SWU Channel Update-March 2024
Pinned by Soft White Underbelly
@extrageneity -- I think a lot when I watch this channel about the end of Hell's Angels by Hunter S. Thompson. Thompson was trying to do, through his brand of drug-addled, autobiographical journalism, similar to what Soft White Underbelly is doing: Capture a picture of the world we don't see, in the hopes of changing how we understand the world that's normally shown to us. Thompson gives a deeply personal, chapters-long narrative about the men he met from that biker gang, about their history, about their interactions with them, about their perspective on violence and straight society, about everything. Then, at the very end, he writes an afterward, about how his time with the gang ended abruptly when one of them, for not much reason, beat him up, with some help but also with some pulling-away by the man's gang brothers. Thompson writes about this very sparsely compared to how he writes the rest of the book--not seeking to put us in that room, in that moment, with him. He simply says, angrily, that they turned on him and that now he's done with them. Sonny Barger, one of the most important of the Angels from that era, was there, and says that by his club's rules, Thompson had the beating coming to him.

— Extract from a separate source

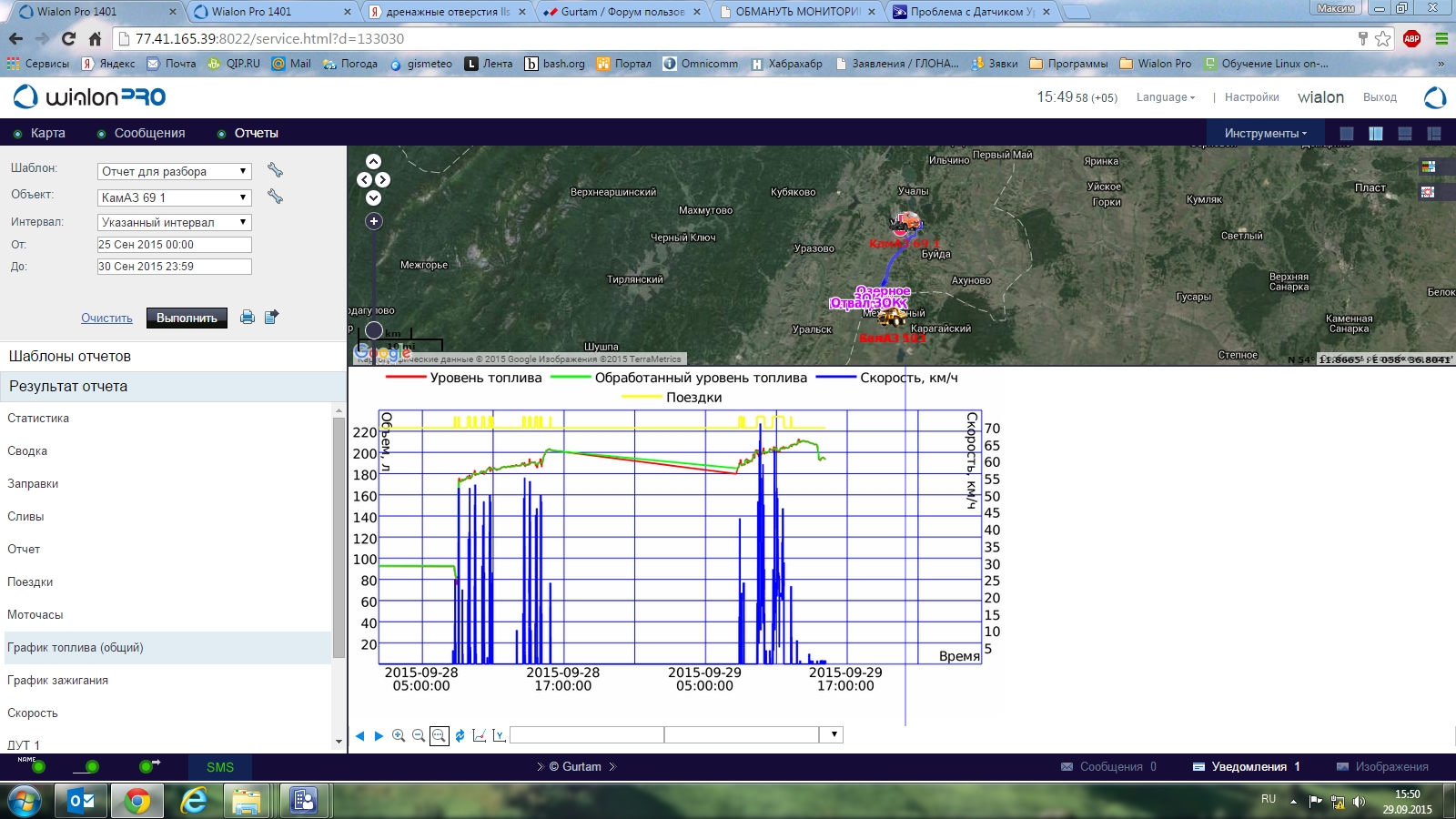 Здравствуйте. Возникла проблема с показаниями. На автомобиле КамАЗ установлена система мониторинга транспорта, терминал - omnicom optim, дут - omnicomm LLS 20160. При просмотре графиков топлива видно что при движении автомобиля повышается уровень топлива, хотя должен понижаться. После снятия, продувки, очередной настройки дут (пустой-полный) 1-2 дня работает корректно, далее начинаются аналогичные глюки. В чем может быть проблема? Бак чистили и пропаривали, результат нулевой

This channel, more than anything, is a story about hustlers of all kinds. People who step outside normal boundaries of society, out of need or trauma or boredom. People who break laws, who live rough, who sell themselves, who hurt others, all to survive. Outlaws--people who live, or who have lived, outside the law. Survival systematically trumps, if not decency, respectability, for most of them--as it would for most of us in similar circumstances. There are other stories told here, too--SWU's interview style, patient, non-judgmental, listening with empathy, that style can be used to draw out all kinds of stories from all kinds of people. But mostly, it's stories of people who are hustling to survive, who are in that struggle for some kind of reason, and who might still someday be utterly defeated by whatever that reason is.
Thompson was telling a story about violent outlaws, who ultimately turned that violence on him. SWU is telling a story about hustler outlaws, who have repeatedly sought--at times successfully, at times not--to hustle him. But there's a deep overlap between the desperation of outlaw violence and the desperation of outlaw hustling. Getting hustled is far from the worst that could happen to someone doing this work.
So, I don't just watch. I watch, and I worry. But then, after worrying for a while, I think about how outlaw risk threatens us all, whether we seek it out or not. The school children in Sandy Hook, in Uvalde, hadn't invited outlaw danger the way Thompson did, the way Mark does. It simply came for them one day. I wonder if maybe projects like this one are the only hope we have of ever really understanding why.